Disgraced cyclist says ex-Motorola manager, now at BMC Racing, arranged to pay off rivals

Lance Armstrong has claimed under oath that former Motorola team manager Jim Ochowicz, now manager of the BMC Racing UCI WorldTour team, was behind the paying off of rivals that led to the cyclist earning $1 million for winning a series of three races.

Armstrong also implicated his then Motorola team mate Phil Anderson, the Australian rider who won stages of the Giro d’Italia and Tour de France and who was the first non-European to wear the yellow jersey, in helping arrange the deal.

The alleged bribes relate to a trio of races, the so-called Triple Crown, comprising the Thrift Drug Classic, K-Mart West Virginia Classic, and CoreStates USPRO Championship.

Armstrong – who would win the world road championship the same year –  won all three and as a result pocketed a $1 million bonus from pharmacy chain Thrift Drug, insured at Lloyd’s of London.

But in December 2013, two months after Armstrong was handed a lifetime ban and stripped of results dating back to 1998, Italian former professional Roberto Gaggioli, favourite to win the third and final race, claimed that Armstrong had visited him in Bergamo in October of that year.

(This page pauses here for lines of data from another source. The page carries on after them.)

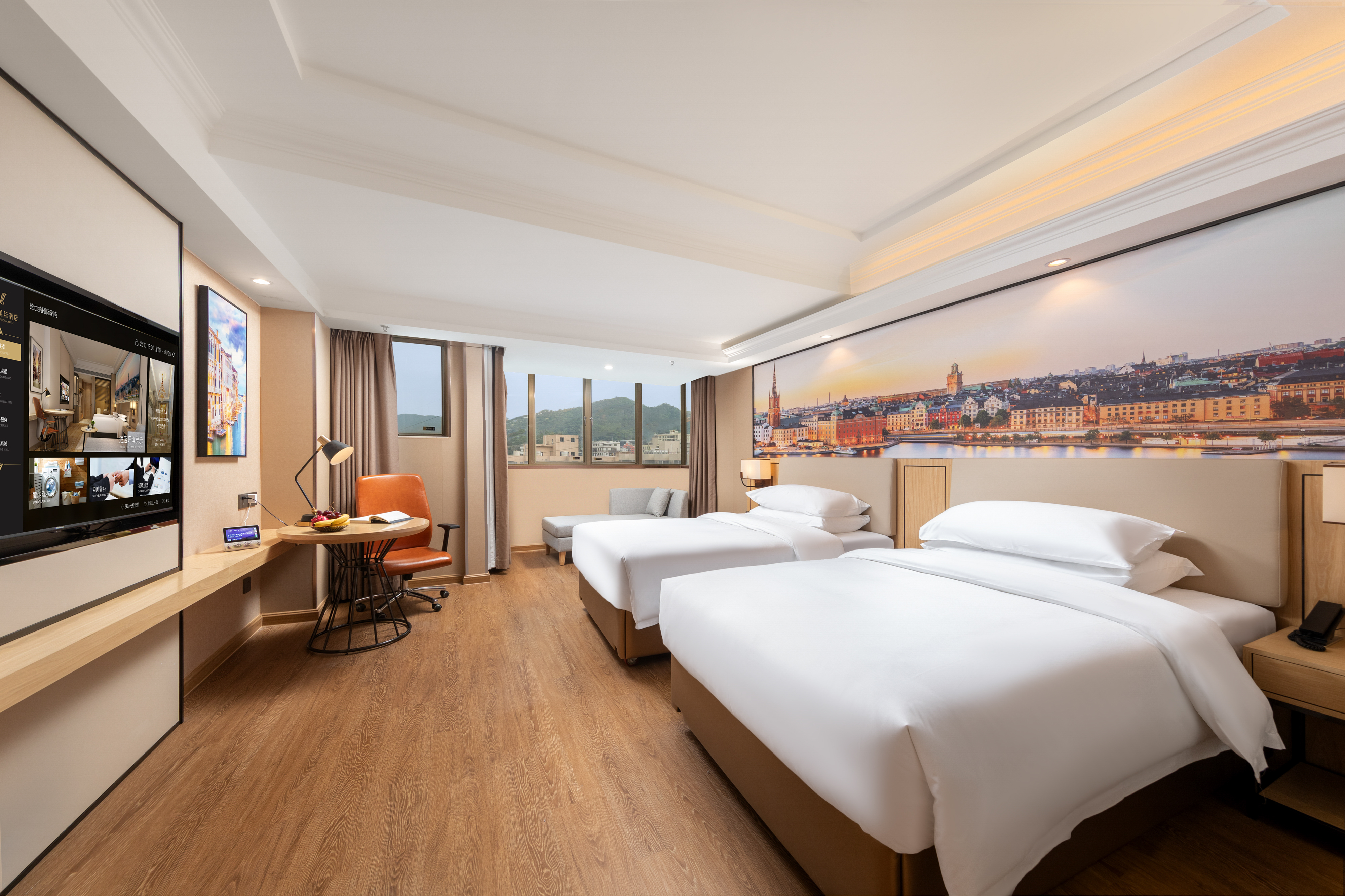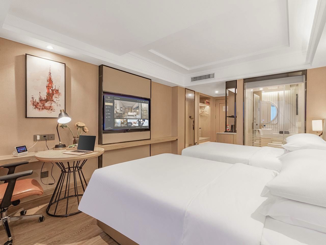 高级双床房(小度智控-梳粧镜-电动窗帘-小圆桌-外窗)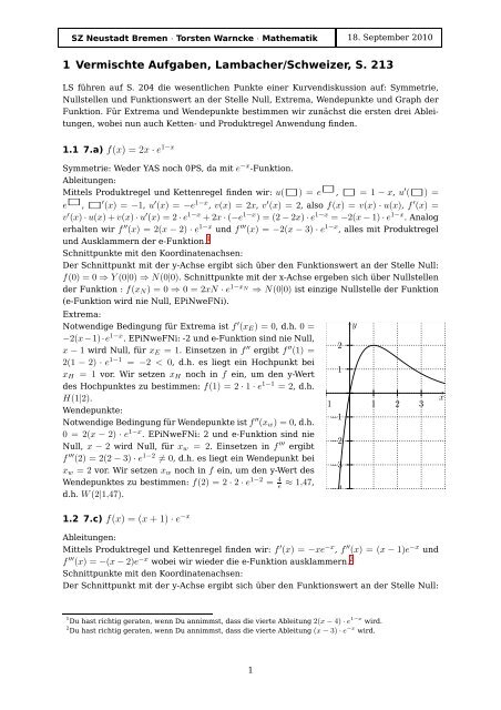 Komplette Kurvendiskussion Nullstellen Ableitungen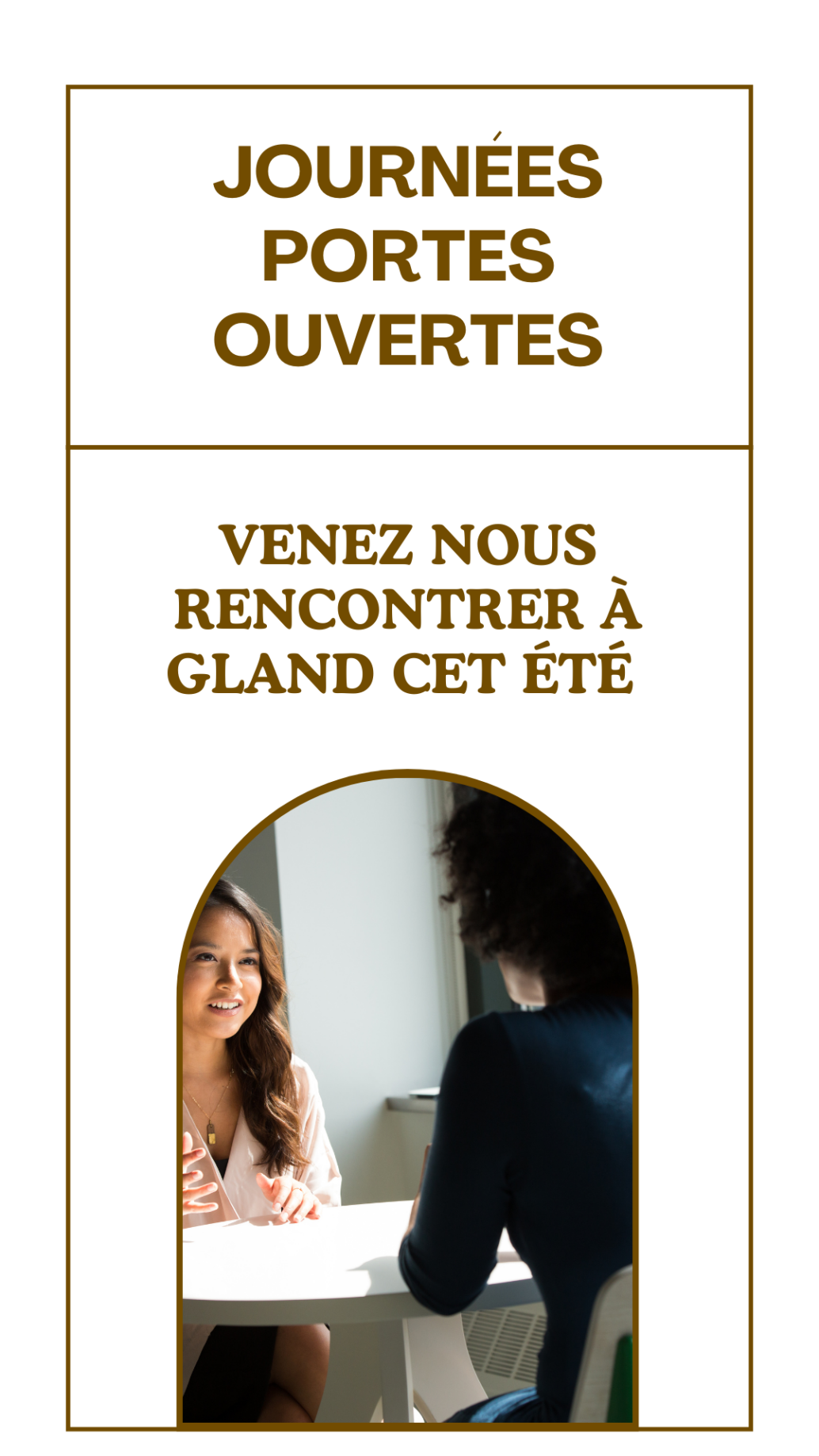 Pour découvrir nos formations et notre école, nous vous invitons à assister à l'une de nos séances d'information. Ces occasions vous permettront de mieux comprendre nos cursus et de poser toutes vos questions. En visio-conférence et sur place, à Gland !

- Italian ex-pro Roberto Gaggioli claims Lance Armstrong paid him $100k to throw race

Gaggioli, who had been in what proved to be the race-winning break, said Armstrong wished him “Happy Christmas” and gave him a panettone box.

But instead of the cake Italians traditionally eat at Christmas, inside he found  $100,000 – his reward, Gaggioli, who rode for the Coors Light team at the time told La Corriere della Sera, for letting Armstrong win.

According to VeloNews, Armstrong was quizzed about those races last month while being questioned under oath by lawyers acting for his former team mate Floyd Landis, who has brought the whistleblower case alleging misuse of government money due to US Postal’s sponsorship of their team being used to finance its doping programme.

One of Landis’s attorneys, Paul Scott, asked Armstrong: “Did anybody offer to pay any money on your behalf to any member of the Coors Light cycling team to allow you to win any stage of that race?

He replied: “I believe that Jim Ochowicz, perhaps Phil Anderson, negotiated some package with Coors Light.”

Armstrong subsequently confirmed that he had heard that first hand from Ochowicz and Anderson.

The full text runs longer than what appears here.